As I mentioned two months ago #8401 (comment) all this does is split the complete dump, which is already filtered. If there's a question about the contents, the complete dump creation is where it should be reviewed/fixed.

cdrini · 2024-05-21T20:19:47Z

Yes, this is mostly about getting transparency into what's there. Here's the breakdown by type:

$ zcat ol_dump_other.txt.gz | cut -f1 | sort | uniq -c
      1 /type/about
      7 /type/backreference
      3 /type/collection
2583653 /type/delete
      5 /type/doc
     11 /type/home
    966 /type/i18n
     34 /type/i18n_page
    467 /type/language
    324 /type/library
     14 /type/local_id
    126 /type/macro
      5 /type/object
    439 /type/page
     12 /type/permission
      1 /type/place
     47 /type/rawtext
      1 /type/scan_location
      2 /type/scan_record
      3 /type/series
  91400 /type/subject
     14 /type/tag
    300 /type/template
     48 /type/type
      1 /type/uri
      2 /type/user
     19 /type/usergroup
    107 /type/volume

This seems fine. Lots of ancient legacy stuff here :P This other file is a bit problematic for long-term, since we might decide to split these out into separate dumps going forward, which would be a breaking change to this catch-all other dump file. I'm wondering if we might already want to separate out /type/delete, since that's a substantial enough slice at this point. Thoughts? Let me know if you want the file; gzipped it's 78M, but if you're just curious what these things are you can hit up the query.json endpoint eg http://openlibrary.org/query.json?type=/type/user&*=

tfmorris · 2024-05-21T21:11:01Z

78 MB for "other" doesn't seem excessive when compared to the other files sizes. It's certainly a lot better than the 13.6 GB currently required to get any of the data that isn't broken out separately. One might even argue that editions, works, authors, and "other" would be an adequate breakdown. Reading log, redirects, lists, ratings, and everything else would still be less than 200 MB and less than half the size of the authors file.

File	Date	Size
ol_dump_2024-04-30.txt.gz	02-May-2024 02:35	13.6G
ol_dump_editions_2024-04-30.txt.gz	02-May-2024 02:38	9.5G
ol_dump_works_2024-04-30.txt.gz	02-May-2024 02:39	3.0G
ol_dump_authors_2024-04-30.txt.gz	02-May-2024 02:37	579.4M
ol_dump_reading-log_2024-04-30.txt.gz	02-May-2024 02:36	73.5M
ol_dump_redirects_2024-04-30.txt.gz	02-May-2024 02:36	49.5M
ol_dump_lists_2024-04-30.txt.gz	02-May-2024 02:37	26.5M
ol_dump_ratings_2024-04-30.txt.gz	02-May-2024 02:36	4.6M

RayBB · 2024-05-22T09:52:28Z

I have no strong opinion on splitting. Just will be happy once it is easier to get access to these smaller sections of the dump.

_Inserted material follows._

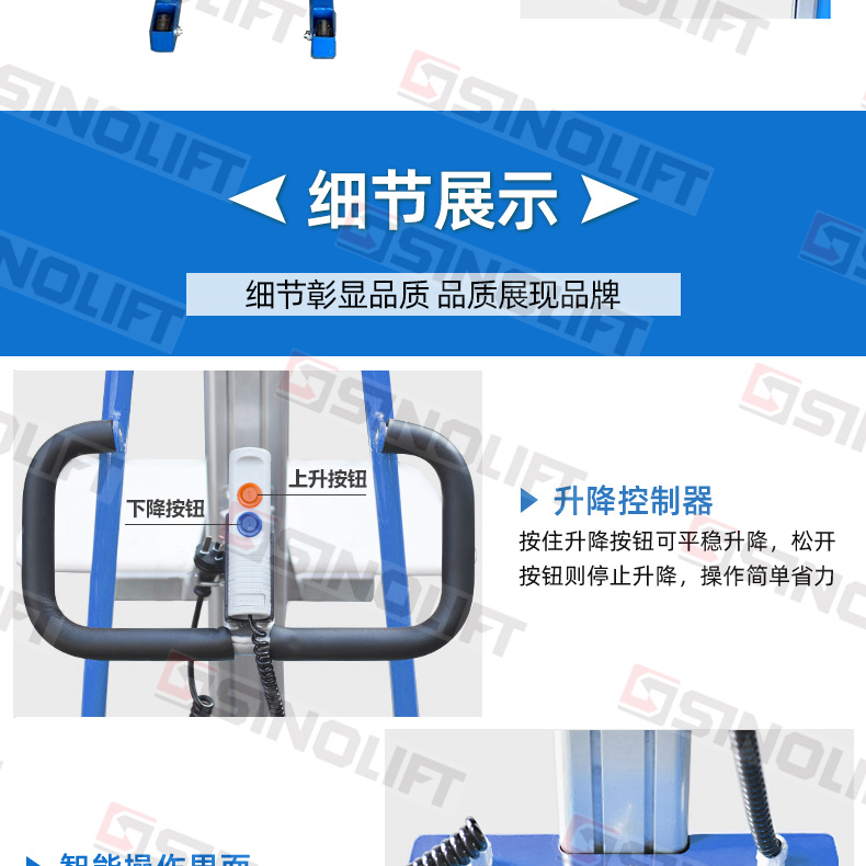 2、按住升降按钮可平稳升降,松开按钮则停止升降,操作简单省力

Seems ok to put stuff in this other dump even if it could be moved out to another dump years down the line. Maybe it is slightly better for consumers to have just one to get with all this stuff rather than many small ones?

cdrini · 2024-05-22T10:22:27Z

Oh agreed; I mean we could down the line decide to split some of these out; e.g. tags is currently tiny, but if we at some point make a tag for every subject in our db, we'll likely split it out into its own dump, and then this file will have a breaking change. But I guess that's ok, we'll just have to make a public notification. @RayBB would you mind updating the docs to also link to the redirects dump? That'll make the "other" nature of this one clearer.

cdrini

Lgtm! Didn't testing running this since you gave it a test already, just tested what the slice would contain using the above snippet.

openlibrary/data/dump.py

cdrini · 2024-05-22T10:27:11Z

Errr actually I think we should split out the deletes now ; since we already have redirects in a separate, and the "other" dump will be like 95% deletes otherwise, which I think makes it less useful.

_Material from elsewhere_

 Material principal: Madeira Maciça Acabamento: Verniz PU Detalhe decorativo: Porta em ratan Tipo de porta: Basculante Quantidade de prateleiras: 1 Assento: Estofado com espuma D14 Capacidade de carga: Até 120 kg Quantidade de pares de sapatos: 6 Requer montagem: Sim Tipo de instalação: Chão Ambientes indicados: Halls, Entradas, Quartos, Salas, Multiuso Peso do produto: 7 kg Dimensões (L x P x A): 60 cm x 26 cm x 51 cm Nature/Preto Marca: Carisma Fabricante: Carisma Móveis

RayBB · 2024-05-22T10:35:50Z

@cdrini I don't know how to make a
https://openlibrary.org/data/ol_dump_redirects_latest.txt.gz
like we have for
https://openlibrary.org/data/ol_dump_ratings_latest.txt.gz

However, I updated the docs with placeholders :)

Also, I've gotten confused about this before but how can I find old ratings dumps? I don't see them in this url https://archive.org/details/ol_exports?tab=collection&query=ratings I tried searching IA for the file name but no luck.

cdrini · 2024-05-22T11:08:04Z

Ah they're inside the dump, eg https://archive.org/download/ol_dump_2024-03-31 . Is that what you're looking for?

cdrini · 2024-05-22T11:17:58Z

@RayBB I updated the endpoint to include the short link for redirects and deletes and other 👍

cdrini · 2024-05-22T11:23:00Z

Ok this looks good to me! I've sent it to testing to test the new endpoints. @merwhite11 would you mind giving it another test to make sure my last changes didn't break anything? :P Then should be good to merge!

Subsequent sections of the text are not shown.